MORE COMPANIES IN CZECHIA ARE PUSHING FOR THE EURO

4. 3. 2025

In recent years, the number of managers in the Czechia who are in favour of adopting the euro has continued to grow. The adoption of the single European currency is seen as a strategy to strengthen the economic stability of companies by reducing operating costs, in particular those related to exchange rate fluctuations and economic uncertainties resulting from the use of the Czech crown. Although many companies support the adoption of the euro, the Czech authorities are divided on the timing, with some calling for a strengthening of public finances before taking a decision. This context raises questions about how the Czechia can meet the necessary criteria to enter the euro area, establishing a balance between its domestic economic policies and European needs.

 

Why is the euro so well supported?

The choice to remain in the Czech crown resulted in high volatility, increasing the difficulty of planning medium- to long-term projects and leading to high exchange rate costs, without taking into account the risk of fluctuations in the latter.

The adoption of the common currency of the European Union would also promote a greater economic stability of prices, which would be in line with those of the European area, the elimination of natural barriers arising from a exchange rate that impose themselves in the import and export processes of countries.

 

The Czech authorities propose conflicting solutions

Prime Minister Petr Fiala said last year that the country would have to strengthen its public finances before it could consider adopting the euro as its official currency: This was confirmed in the words of Finance Minister Zbyněk Stanjura, who confirmed that any decision on the euro should be based purely on policy choices based on public sector support.

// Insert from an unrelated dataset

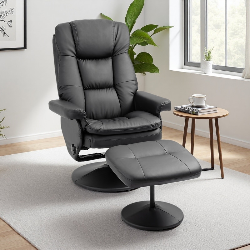 PU Leather Swivel Reclining Chair with Footrest for Living Room, Bedroom and Home Office, Recliner and Ottoman Set

Despite this, Labour Minister Marian Jurečka says that the Czechia will meet the Maastricht criteria within the next decade.

 

The Maastricht criteria: where does the Czechia stand?

Any candidate or existing EU country must meet certain criteria before it can adopt the single currency within its borders: maintain a controlled inflation (that is, adequate price stability), contain the public deficit, present a sustainable public debt, maintain adequate exchange rate stability between its currency and the euro, and present stable long-term interest rates.

The current situation of the Czechia can be assessed with regard to the data presented for the year 2024: as regards inflation, a reduction is expected that can meet the parameters required by the EU, through the adoption of restrictive monetary policies. The government deficit will be reduced through the use of recovery packages that will support economic recovery. The public debt, as of 2024, was below the threshold required for the adoption of the single currency and for long-term interest rate stability. The sore point is the maintenance of the exchange rate: the country does not yet participate in the European Exchange Mechanism (ERM II), a fundamental requirement for assessing the stability of the exchange rate. The ERM is a system created to stabilize exchange rates between the currencies of the member countries of the European Union and to prevent excessive fluctuations. It was set up to promote economic stability and convergence between EU countries that had not, or have not yet, adopted the euro.

In 2024, the Czechia showed progress towards meeting the Maastricht criteria, particularly with regard to the price stability, government deficit and long-term interest rates. However, non-participation in ERM II indicates that not all criteria are yet fully met.

In conclusion, the adoption of the euro in the Czech Republic remains a contentious issue, with companies increasingly favourable to the economic benefits that would flow from it, such as price stability and lower exchange costs. However, government institutions remain cautious, stressing the need to strengthen public finances before taking this step.